# Nightmare on Elm Street... remake



## MA-Caver (Sep 30, 2009)

Whell, :shrug: what the hell right? Remade Friday the 13th, Halloween, Texas Chainsaw Massacre, and a host of others... why should this Wes Craven masterpiece be spared? They can't come up with anything new anyway apparently. 
[yt]LxE-EGaT-0A&[/yt]

*NOBODY* is going to be able to compare or compete with Robert Englund's Freddie... I was not a big fan of the series (especially after sequel after sequel was cranked out) but I did appreciate the sardonic dark humor of the films and for Englund's portrayal of a malevolent spirit seeking revenge against those who killed him and their children. Admittedly it got hokey after a while but the first few were pretty good considering. 
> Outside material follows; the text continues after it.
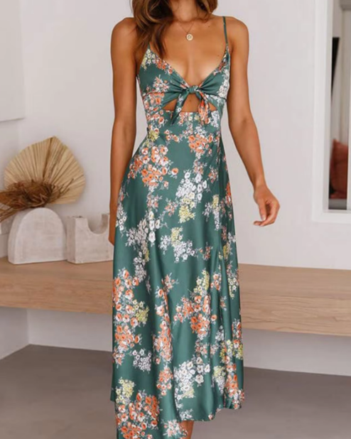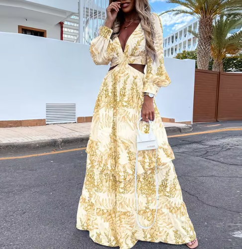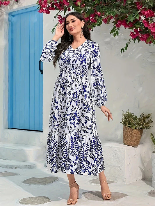 Geraldine V-neck Printed Long Dress

Disappointed that Michael Bay who has had numerous great action films now is resorting to remaking classic horror? 

Sigh... 
That's showbiz


----------



## Andy Moynihan (Sep 30, 2009)

Hollywood Must Die.


----------



## shesulsa (Sep 30, 2009)

So ... they scraped the bottom of the barrel, dug down below surface and have come out on the other end.  When are they gonna find a new barrel?


----------



## Big Don (Sep 30, 2009)

As long as they don't screw around with Mel Brooks' movies.
Seriously, there isn't one original idea in all of Hollywood?


----------



## MJS (Sep 30, 2009)

I've been a big horror movie fan for a long time.  Friday the 13th, Halloween, Nightmare on Elm St....seen pretty much all of them.  Personally, I liked the new Friday the 13th and Rob Zombie version of Halloween.  Not sure how far these will go.  In other words, Rob already did 2 Halloween movies.  Is he going to continue?  

I've noticed that alot of the remakes seem to show more of what happened in the beginning...stuff that you didn't really see in the originals.  This clip looked pretty good, so what the hell...I'll probably watch this one too.


----------



## MA-Caver (Oct 1, 2009)

MJS said:


> I've been a big horror movie fan for a long time.  Friday the 13th, Halloween, Nightmare on Elm St....seen pretty much all of them.  Personally, I liked the new Friday the 13th and Rob Zombie version of Halloween.  Not sure how far these will go.  In other words, Rob already did 2 Halloween movies.  Is he going to continue?
> 
> I've noticed that alot of the remakes seem to show more of what happened in the beginning...stuff that you didn't really see in the originals.  This clip looked pretty good, so what the hell...I'll probably watch this one too.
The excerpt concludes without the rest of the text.